Why Your Doctor Shouldn’t Accept That Sandwich
Study finds free meals from pharma impacted statin prescribing
Pharmaceutical company payments can significantly influence physician prescribing behavior, according to a recent National Bureau of Economics Research (NBER) Working Paper by LDI Senior Fellows Matthew Grennan, Ashley Swanson, and colleagues. The authors, who looked at the Medicare Part D claims of 15,000 cardiologists in the market for statins from 2011-2012, found that cardiologists receiving meals from a given firm increased prescribing of that firm’s branded statin by 73 percent. Because these payments steer patients toward much more expensive drugs, they increased spending on statins by $67M (26%) in 2011 and $65M (33%) in 2012.
And the net effect on consumers? Unless the meal-related interactions sufficiently conveyed information to cardiologists who were incorrectly under-prescribing statins, the authors estimate that they reduced consumer welfare by $190M.
The authors focused on cardiologists who received meals from AstraZeneca and Pfizer, the manufacturers of the two major on-brand statins at that time (Crestor and Lipitor). Statins, which lower “bad” cholesterol in the blood and reduce the risk of heart disease, heart attack, and stroke, are among the most prescribed drugs in the industrialized world.
Although pharmaceutical companies’ payments to physicians can take many forms, such as compensation for consulting or education, meals are the single most popular in-kind payment. Approximately 90 percent of physician-firm interactions from Pfizer and AstraZeneca consisted of meal-related payments during the study, and an estimated 59 percent of all cardiologists received a meal from one or both companies in 2011.

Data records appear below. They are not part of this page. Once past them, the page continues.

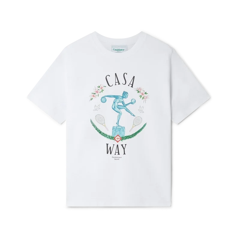 Tricou Statue En Marbre este un model cu mâneci scurte, confecționat din bumbac organic, cu un design sezonier inspirat de Art Deco, care omagiază sculptura unei doamne ținând două mingi de tenis, rachete de tenis și o coroană de lauri. Completat cu guler rotund clasic și logo-ul Casa Way.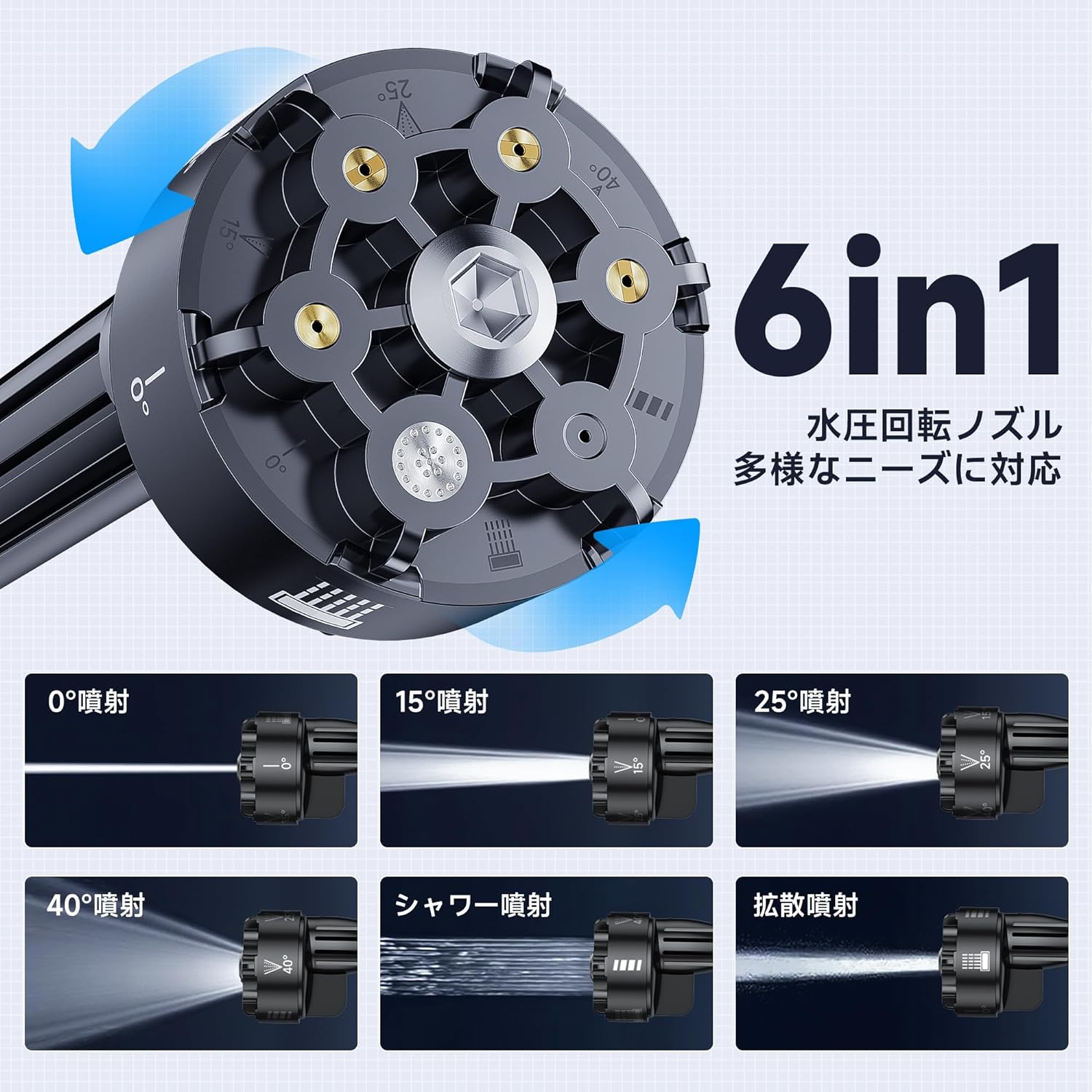 高圧洗浄機 コードレス 園芸用 充電式 6in1多機能噴射ノズル 年末大掃除 1500倍プースター ・・・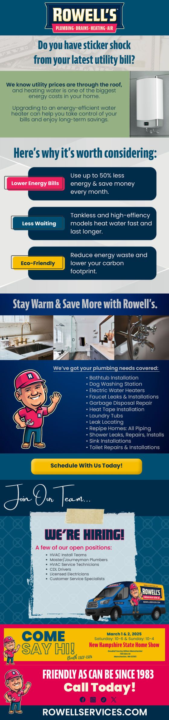 "Friendly As Can Be Since 1983!" When you need help with your plumbing, drains, heating, cooling or electrical in New Hampshire, you can always rely on Rowell's Services! Call us now or book online!

Grennan and colleagues found that the 73 percent increase in statin prescribing was primarily driven by cardiologists who prescribed the statin at low or moderate rates, suggesting that the companies targeted their meals to “low prescribers.” The authors controlled for a number of factors that could influence prescribing practices, including patient, physician, hospital, and regional variables such as Academic Medical Centers’ Conflict-of-Interest policies. The introduction of several generic statins during the study and the expiration of Lipitor’s patent in 2011 allowed them to differentiate the effects of meal payments from other market power effects. They also examined payments prior to the federal Physician Payments Sunshine Act of 2010 taking effect, which requires broad disclosure of drug and device manufacturers’ payments to teaching hospitals and physicians.
Although AstraZeneca spent nearly twice as much per meal as Pfizer in 2011, the authors found that receiving a meal of any value drove prescribing, and most of the meals studied were below $100. These findings suggest that policies enacting monetary meal limits may have limited efficacy. Most recently, New Jersey announced that they will be revising their $10,000 annual cap on physician payment and increasing their $15.00 dinner limit. In 2017, Maine banned all noncash gifts except those of “minimal value” and “modest meals” associated with educational events, while California limited meal payments to $250.00 per physician annually. Ultimately, as the authors note, meals function as a pathway for pharmaceutical companies to access physicians, regardless of value.
Few studies have empirically examined how interactions between firms and experts affect consumers. Grennan and colleagues addressed this gap by estimating the effect of pharmaceutical companies’ meal-related payments on physician prescribing and consumer welfare. Their results have important policy implications for states looking to encourage efficient drug markets by creating guardrails around industry relationships with physicians, particularly given recent debates around high drug prices.
Currently, eight states and the District of Columbia have laws beyond the Sunshine Act that regulate drug and device manufacturers’ marketing efforts or payment disclosures. While this study has important limitations, including its focus on a particular market during a defined time period, it suggests that states should examine their policies around pharmaceutical companies and physician interactions to minimize conflicts of interest and maximize consumer welfare.